15 Pages Posted: 16 Jun 2008
Digital technology makes sophisticated means available to the general public for copying works with an equal level of quality to the originals and at increasingly lower prices. Unrestricted copying deprives producers and creators of a share of their potential earnings on the sale of originals. The whole of the traditional system for financing cultural creation could be at risk. There are three mainstays to the conventional financing system: the production of private goods, direct appropriability of revenues, temporary monopoly of exclusive rights. Each one has been called into question by P2P. Content has properties that are growing ever more similar to public goods, raising the question of whether public financing might be possible.

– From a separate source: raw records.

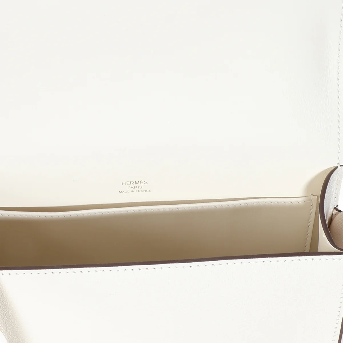 Elevate your style with this Hermès Mysore Chevre handbag in a sophisticated Mushroom/White color. Featuring a 20″ strap drop and gold-tone hardware, this piece exudes timeless elegance. The exterior shows only faint corner wear and minor scuffing, while the hardware has light scratches, keeping it in excellent 9.5/10 condition.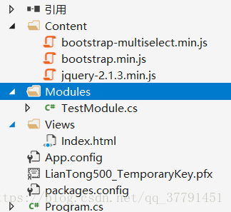 我们在项目下创建Modules和Views文件夹,Modules就像MVC的Controller用来控制管理处理请求返回View中的页面(一般是.html,.cshtml,.htm文件)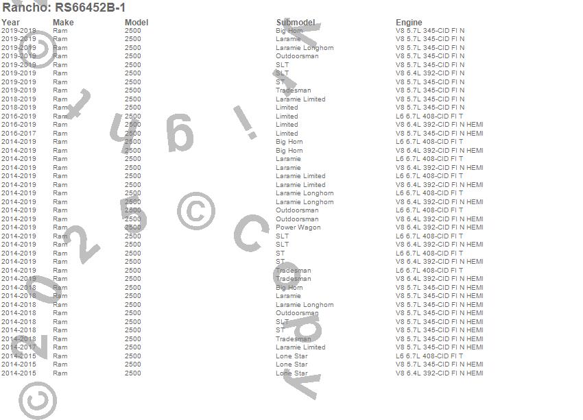 Rancho - Coil Spring Set P/N RS66452B-1 Features: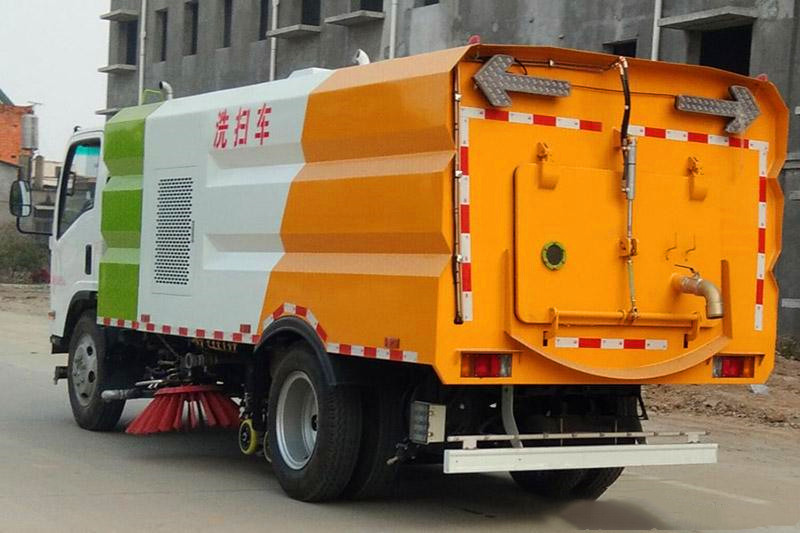 11、五十鈴700P洗掃車|五十鈴5噸多功能洗掃車的垃圾箱內帶有自潔功能,在垃圾傾倒完成后可將箱內的殘留垃圾沖洗干凈,減輕環(huán)衛(wèi)工人的負擔。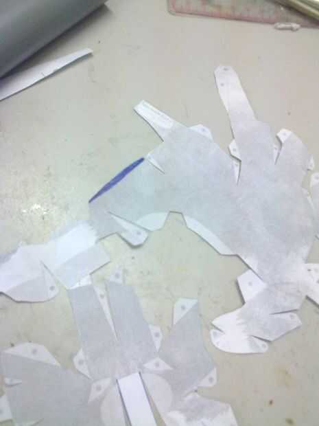 Ahora pegamento pone el patrón de que sólo en el papel. Recuerda esto: cuando usted corta, repuesto de un borde para que la pieza puede pegarse al papel principal. Este borde es importante porque si cortarla, el modelo se deshagan.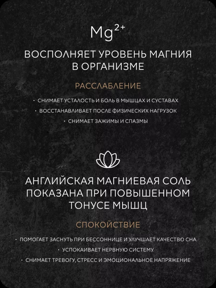 Магниевая соль «Epsom» — натуральный источник здоровья и красоты. Английская соль — это уникальное средство для заботы о вашем организме. Она на 99% состоит из сульфата магния и обладает высочайшей степенью очистки, что делает ее незаменимой для поддержания здоровья и хорошего самочувствия. Эта натуральная соль — идеальный выбор для тех, кто ищет эффективное и безопасное средство для ухода за телом. Благодаря своему богатому составу магниевая соль активно насыщает организм магнием, что особенно важно для поддержания правильной работы мышц и суставов.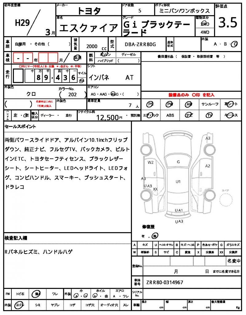 Model code | DBA-ZRR80G |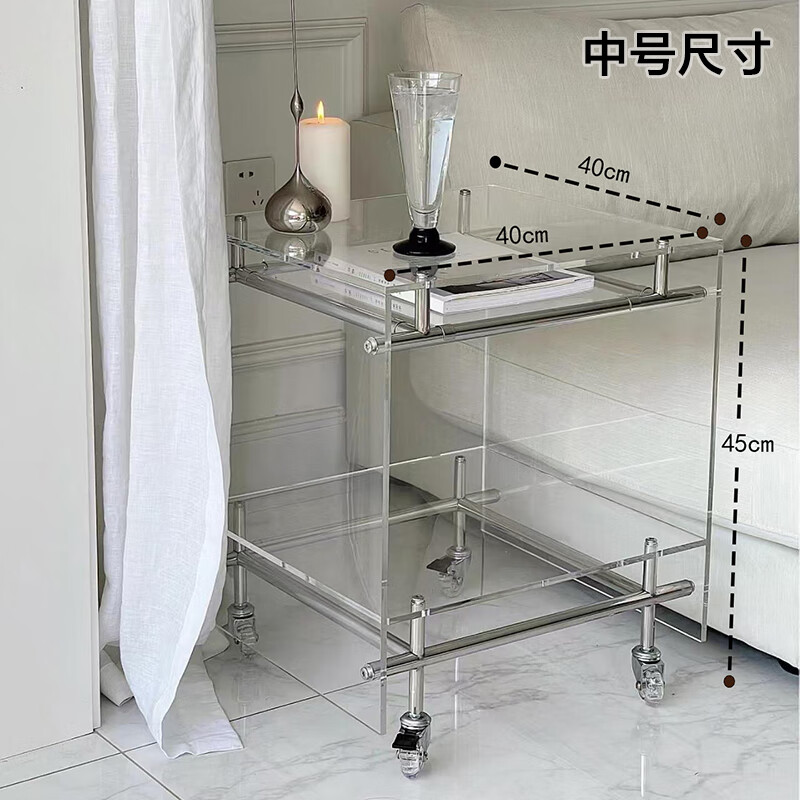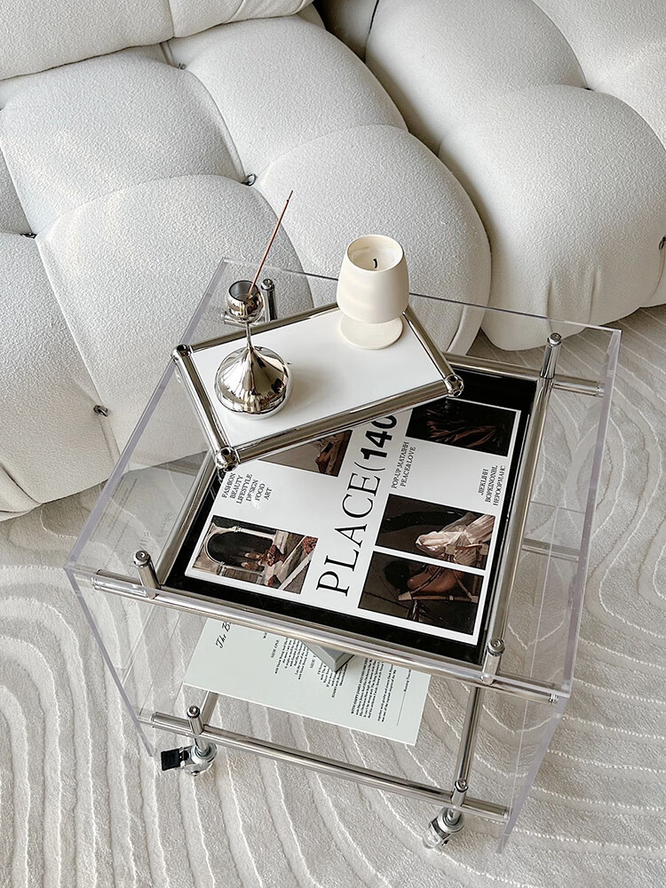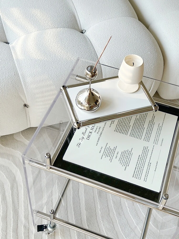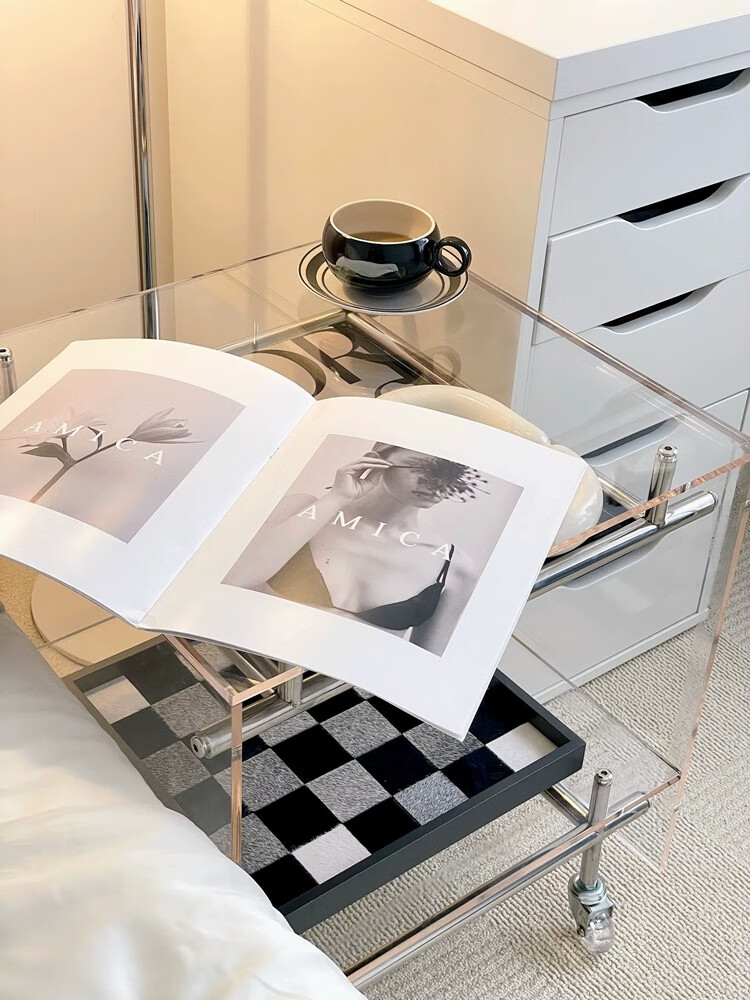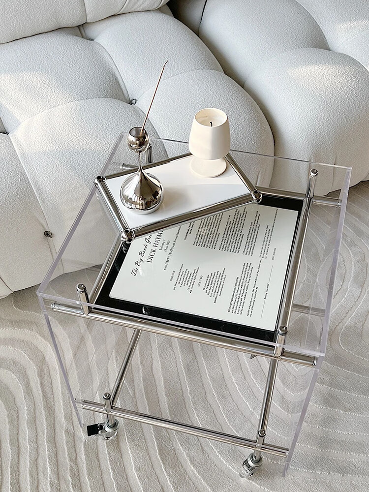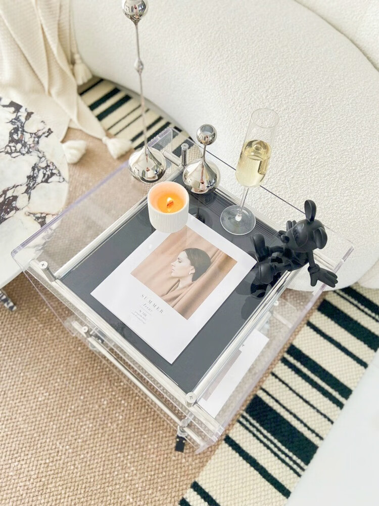 FEDDIES Nordic Acrylic Small Coffee Table Mobile Cart Light Luxury High-end Mid-Autumn Style Bauhaus Bedside Table Sofa Side Table Black Bezel Medium Size Free 2 Decorative Paper Cards Assembly

Direct appropriability in customary markets is becoming ever more difficult, raising the question of whether new forms of appropriability might be possible, both direct and indirect. Exclusive rights are becoming increasingly ever harder to enforce, raising the question of other possible institutional solutions. To date, the solutions geared to tackling these issues have been largely defensive, and aimed at maintaining the old system's core characteristics (direct appropriability and exclusive rights) through DRM. However, a brief foray into economics literature can reveal some original alternatives solutions even if each one has its advantages and its drawbacks.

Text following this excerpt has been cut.